____ Data to examine

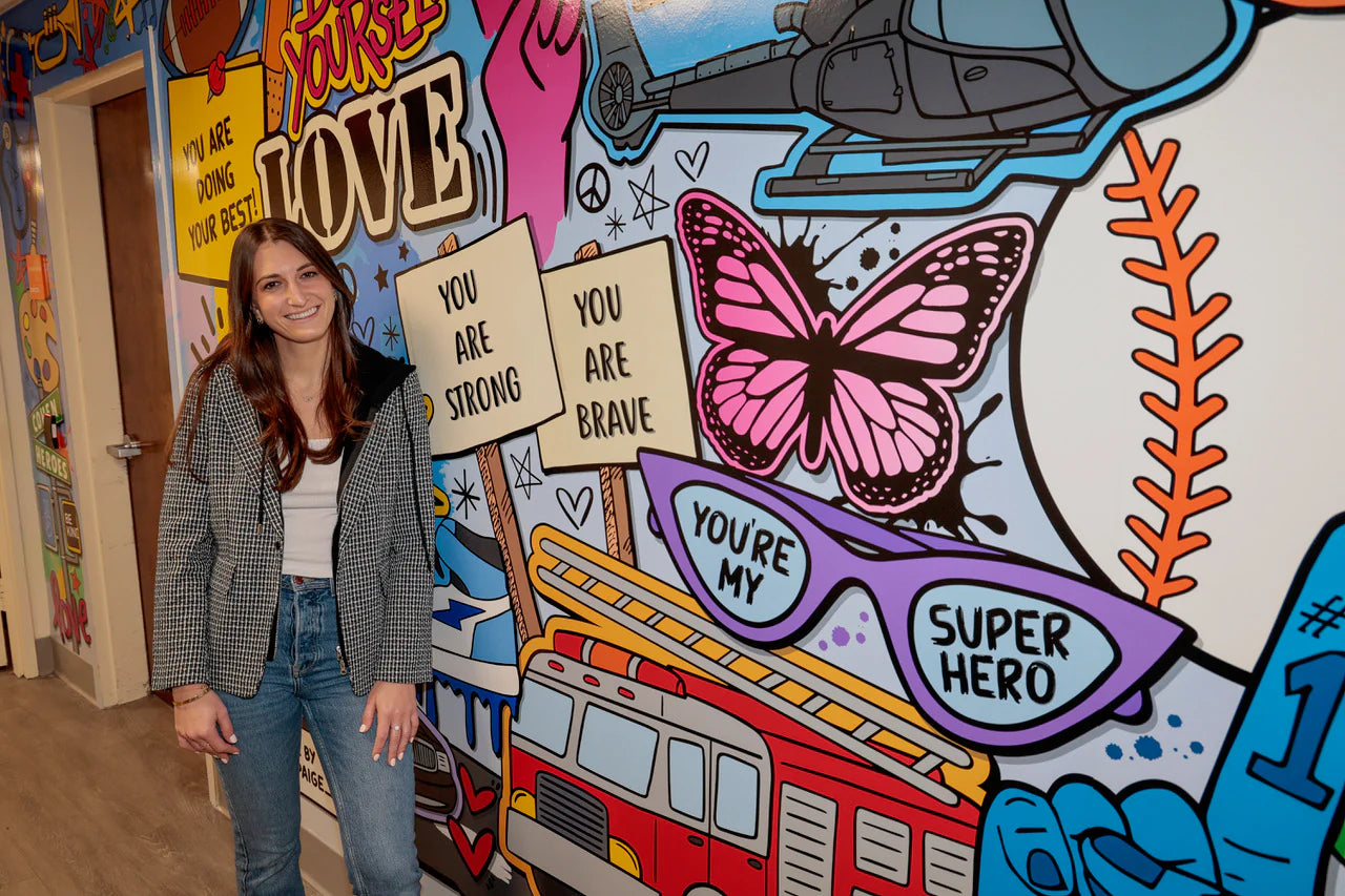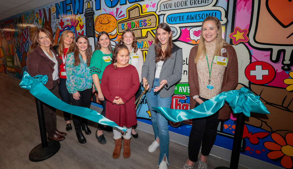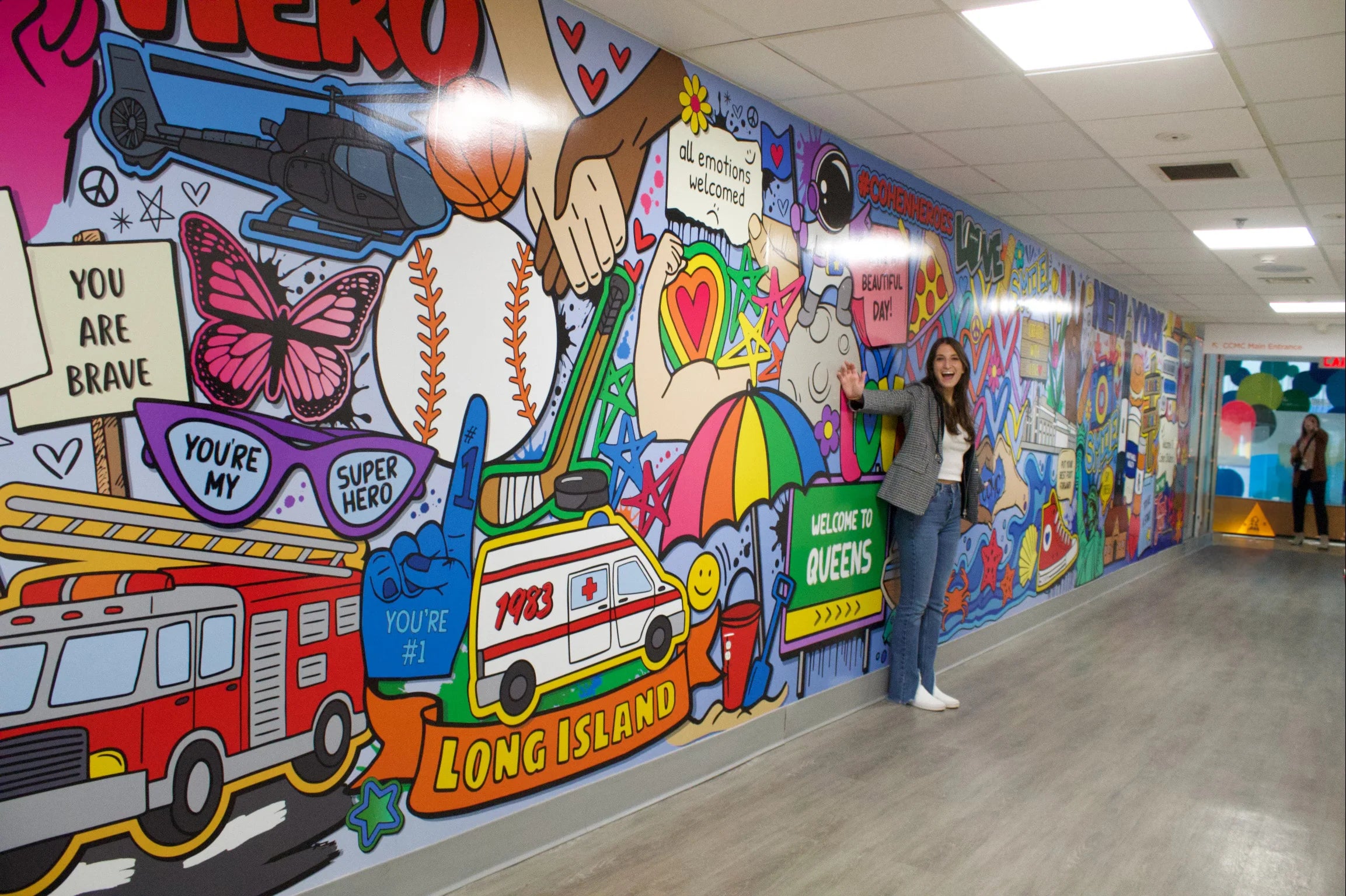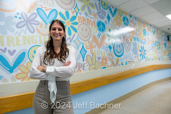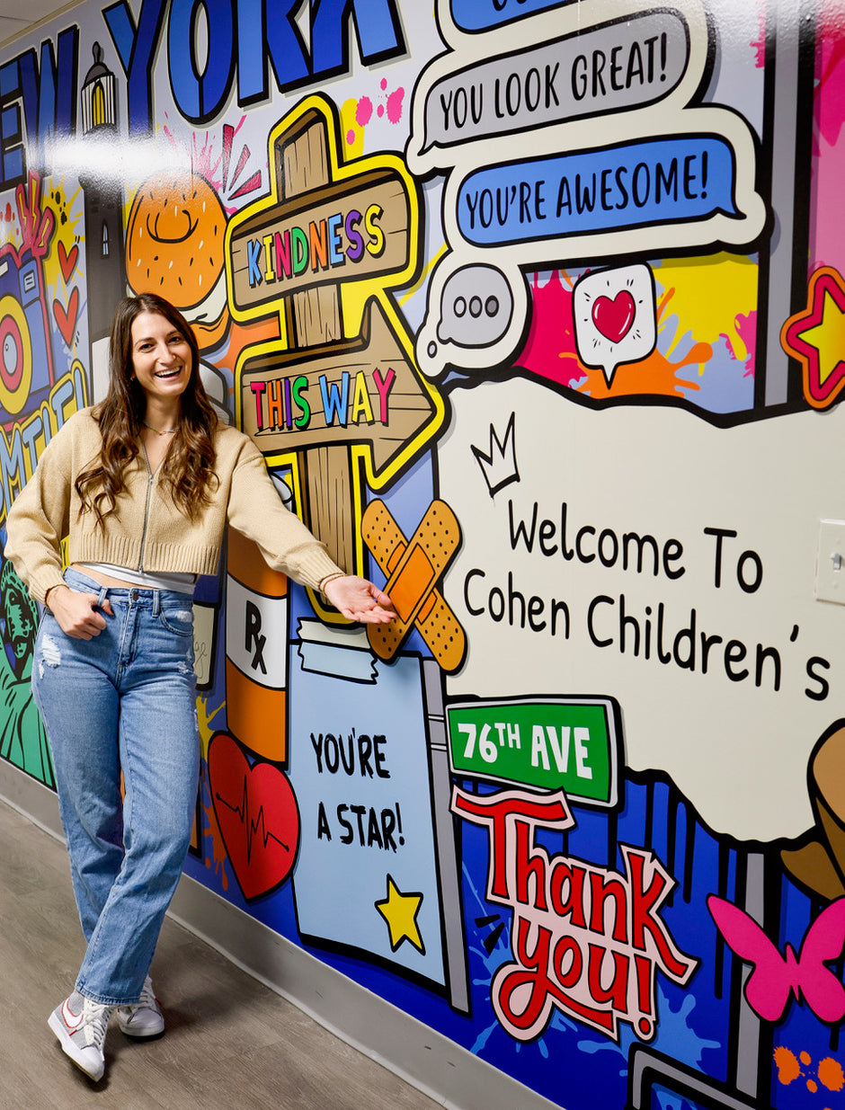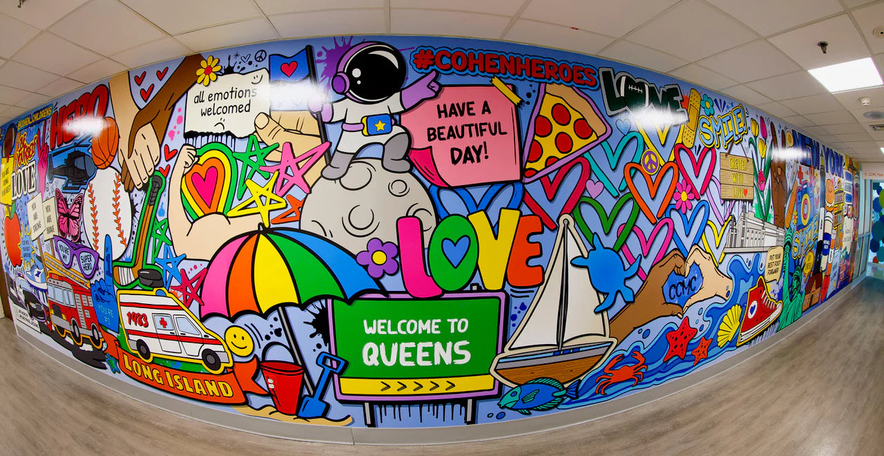 I am so honored and proud to donate my artwork and share my creative process with the incredible patients. In December 2023, I attended the unveiling of my 50ft mural at Cohen Children’s Medical Center. My mission as an artist is to make a positive impact, and I hope that this mural brings smiles to the faces of those who walk by. Also, feeling incredibly humbled to have my artwork hanging alongside the masterpieces of Keith Haring and Andy Warhol.
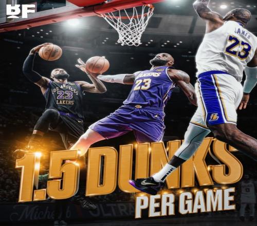 詹姆斯本赛季让权,所以有时候打得没上赛季猛,也因为老了,但他的身体依旧强悍。比如根据统计,詹姆斯本赛季场均1.5次扣篮,这是过去四年最高的。
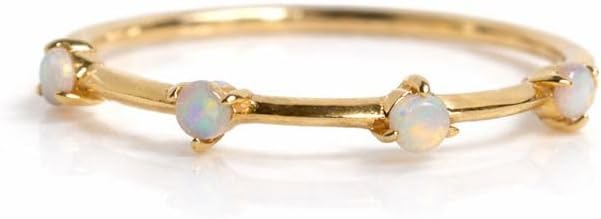 This dainty opal stacking ring is a timeless piece designed for effortless elegance. Featuring evenly spaced round white opal accents, the ring offers a soft, luminous glow that complements any style. The opals display subtle rainbow flashes, adding charm without overpowering the minimalist design. Crafted in a high-quality yellow gold finish, this slim band is perfect for stacking with engagement rings, wedding bands, or wearing solo for a delicate everyday look. Its lightweight and comfortable design makes it ideal for daily wear, while the opal stones add a meaningful touch of beauty and symbolism. A perfect choice as a wedding band, promise ring, anniversary gift, or dainty everyday jewelry, this opal ring is made to be cherished.
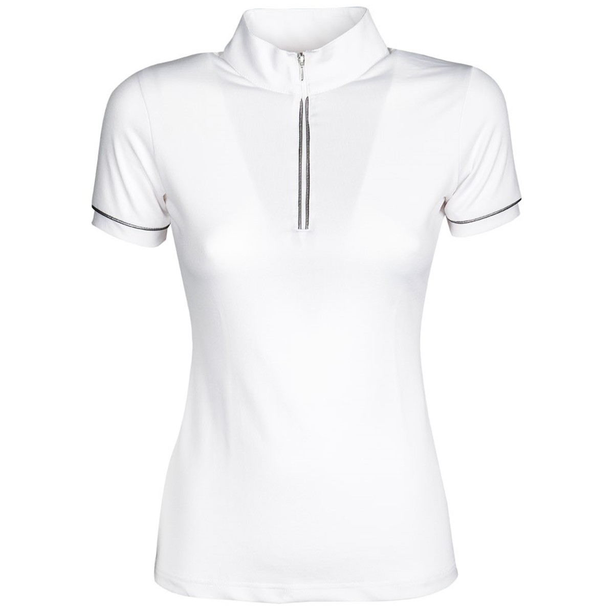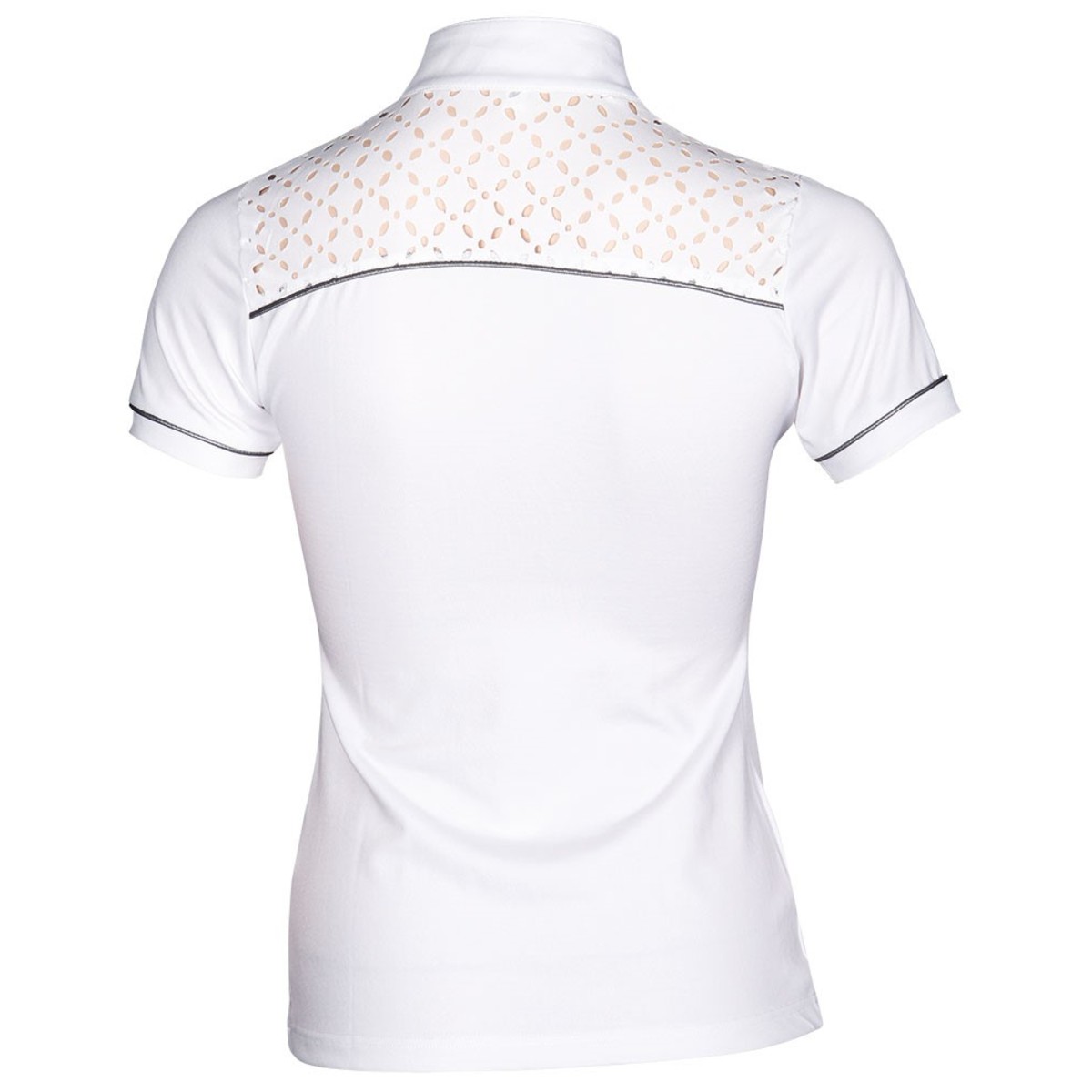 Рубашка для соревнований (Competition Shirt) с короткими рукавами, белый воротник-стойка с короткой молнией с серебряной окантовкой, серебряная окантовка на рукаве и спине, верх спинки перфорирован
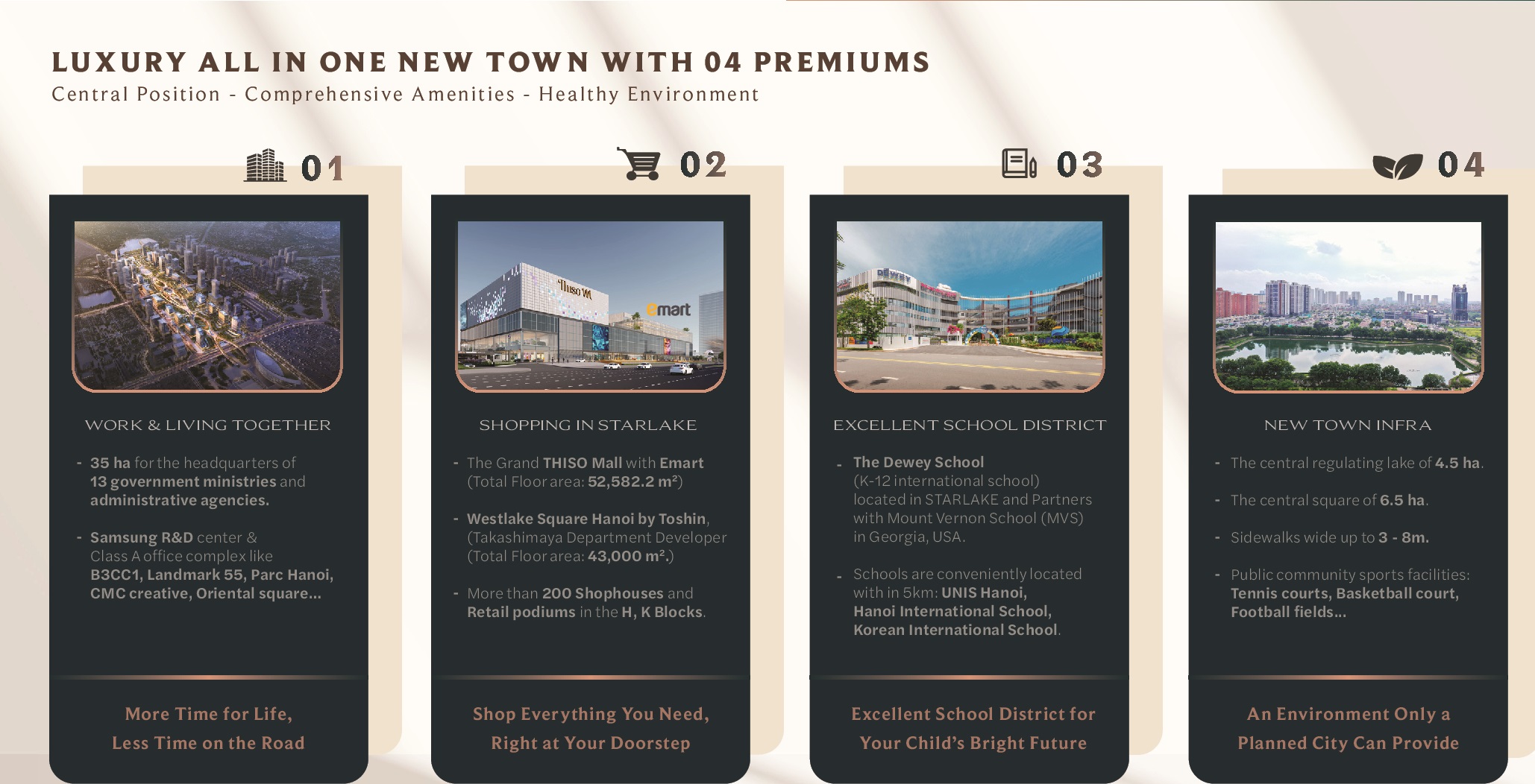 Khu đô thị Starlake là khu đô thị quốc tế, trong khu đô thị còn có nhiều giá trị đẳng cấp khác như hệ thống trung tâm thương mại Toshin – Takashimaya tại lô đất C1-CC1 đối diện dự án Embassy Garden, tổ hợp khách sạn Shilla Hotel tại lô đất B3-CC1 và B3-CC2 đối diện chung cư N01T6,7 Ngoại Giao Đoàn, tổ hợp văn phòng của tập đoàn CJ Group tại B2-CC1 và B2-CC2, tổ hợp văn phòng của Sam Sung R&D tại B1-CC3; tổ hợp Emart của Thaco Group tại ô B1-CC1, B1-CC2; tổ hợp khách sạn tháp đôi của SND tại H5-CC1, trường học Deway Shool tại các ô đất H3 – NT1, TH1, TH2,… công viên và hồ điều hòa tại ô đất H8, trong giai đoạn tới còn có các tổ hợp quảng trường và hồ nước tại D3, trường học tại C1 – TH1,2, K6-NT1, TH1,2, các tổ hợp văn phòng,….phục vụ cho 24.500 cư dân toàn khu đô thị và các khách vảng lai tới xử lý công việc.
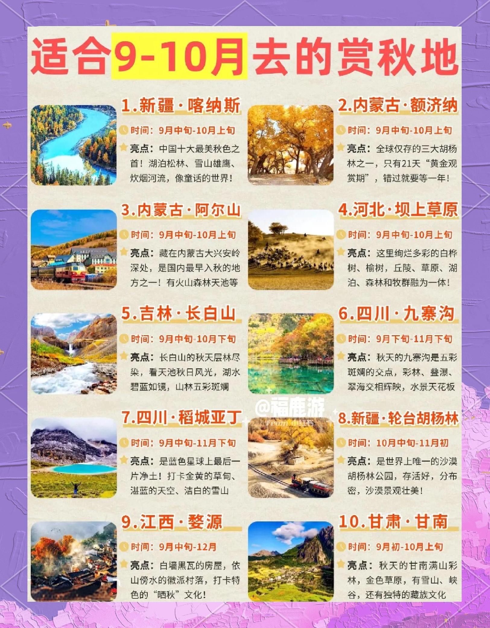 秋天到了,国内这十大赏秋胜地不容错过。秋风起,心已动,一场说走就走的旅行,正当时。
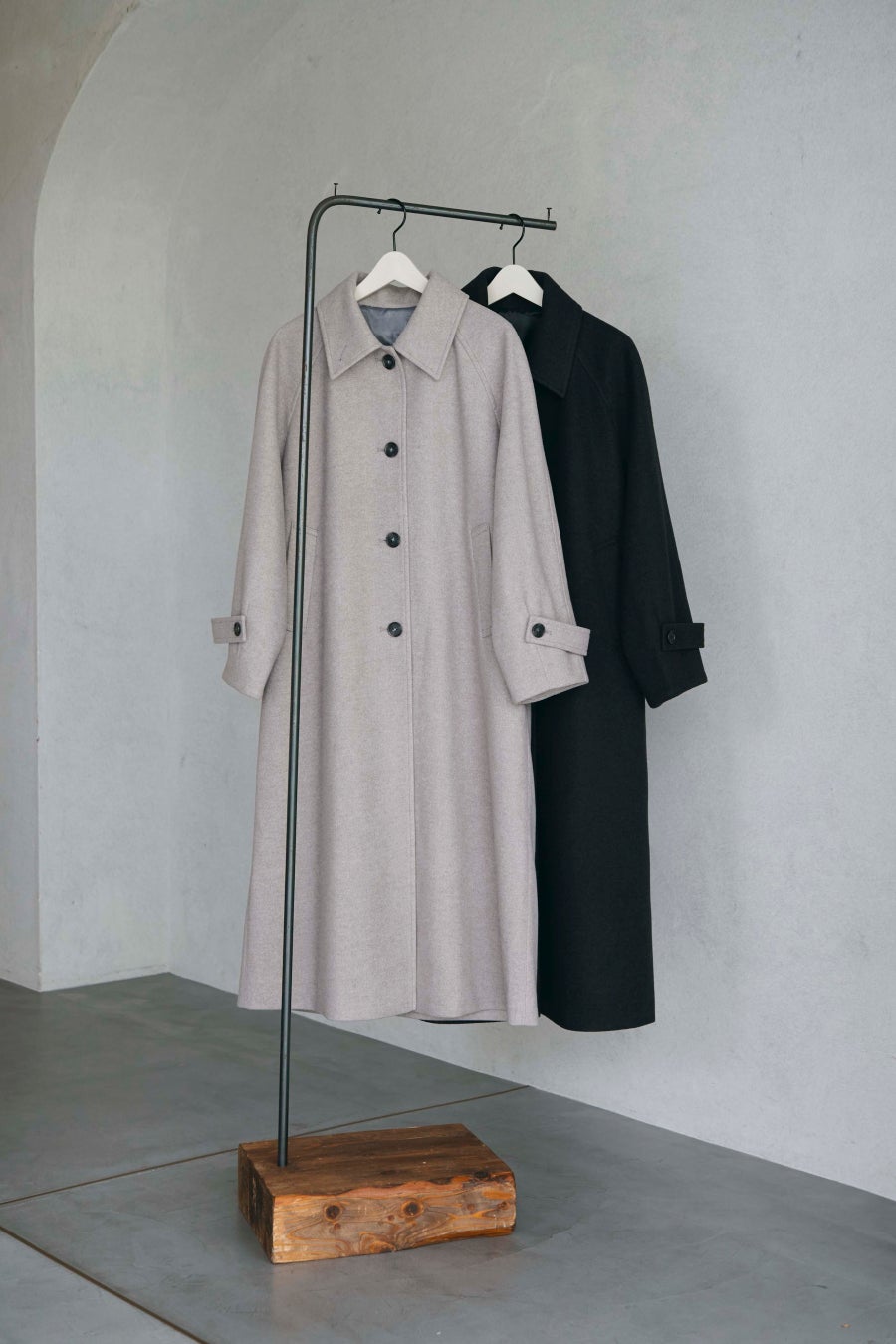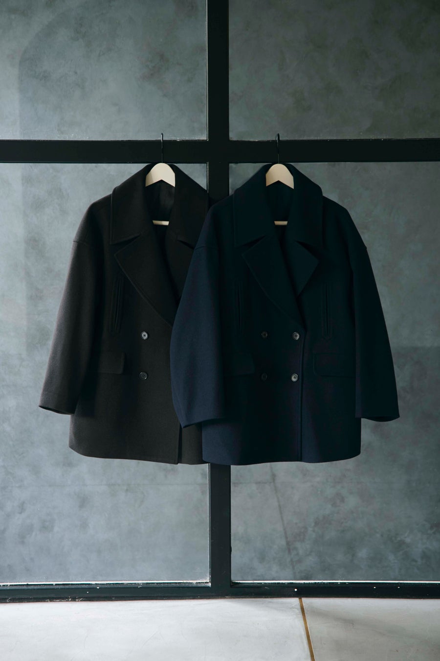 伝統的なディテールは踏襲しつつビッグシルエットでしつらえたコートは、羽織るだけで今らしいシルエットに。ウールのような風合いのサステナブル素材を使用しているので、とても軽くさらりと羽織れるところも魅力。中に着込めるゆとりもあり。

________

Give an exact copy of the data, and omit any pictures it holds.

 I am so honored and proud to donate my artwork and share my creative process with the incredible patients. In December 2023, I attended the unveiling of my 50ft mural at Cohen Children’s Medical Center. My mission as an artist is to make a positive impact, and I hope that this mural brings smiles to the faces of those who walk by. Also, feeling incredibly humbled to have my artwork hanging alongside the masterpieces of Keith Haring and Andy Warhol.
 詹姆斯本赛季让权,所以有时候打得没上赛季猛,也因为老了,但他的身体依旧强悍。比如根据统计,詹姆斯本赛季场均1.5次扣篮,这是过去四年最高的。
 This dainty opal stacking ring is a timeless piece designed for effortless elegance. Featuring evenly spaced round white opal accents, the ring offers a soft, luminous glow that complements any style. The opals display subtle rainbow flashes, adding charm without overpowering the minimalist design. Crafted in a high-quality yellow gold finish, this slim band is perfect for stacking with engagement rings, wedding bands, or wearing solo for a delicate everyday look. Its lightweight and comfortable design makes it ideal for daily wear, while the opal stones add a meaningful touch of beauty and symbolism. A perfect choice as a wedding band, promise ring, anniversary gift, or dainty everyday jewelry, this opal ring is made to be cherished.
 Рубашка для соревнований (Competition Shirt) с короткими рукавами, белый воротник-стойка с короткой молнией с серебряной окантовкой, серебряная окантовка на рукаве и спине, верх спинки перфорирован
 Khu đô thị Starlake là khu đô thị quốc tế, trong khu đô thị còn có nhiều giá trị đẳng cấp khác như hệ thống trung tâm thương mại Toshin – Takashimaya tại lô đất C1-CC1 đối diện dự án Embassy Garden, tổ hợp khách sạn Shilla Hotel tại lô đất B3-CC1 và B3-CC2 đối diện chung cư N01T6,7 Ngoại Giao Đoàn, tổ hợp văn phòng của tập đoàn CJ Group tại B2-CC1 và B2-CC2, tổ hợp văn phòng của Sam Sung R&D tại B1-CC3; tổ hợp Emart của Thaco Group tại ô B1-CC1, B1-CC2; tổ hợp khách sạn tháp đôi của SND tại H5-CC1, trường học Deway Shool tại các ô đất H3 – NT1, TH1, TH2,… công viên và hồ điều hòa tại ô đất H8, trong giai đoạn tới còn có các tổ hợp quảng trường và hồ nước tại D3, trường học tại C1 – TH1,2, K6-NT1, TH1,2, các tổ hợp văn phòng,….phục vụ cho 24.500 cư dân toàn khu đô thị và các khách vảng lai tới xử lý công việc.
 秋天到了,国内这十大赏秋胜地不容错过。秋风起,心已动,一场说走就走的旅行,正当时。
 伝統的なディテールは踏襲しつつビッグシルエットでしつらえたコートは、羽織るだけで今らしいシルエットに。ウールのような風合いのサステナブル素材を使用しているので、とても軽くさらりと羽織れるところも魅力。中に着込めるゆとりもあり。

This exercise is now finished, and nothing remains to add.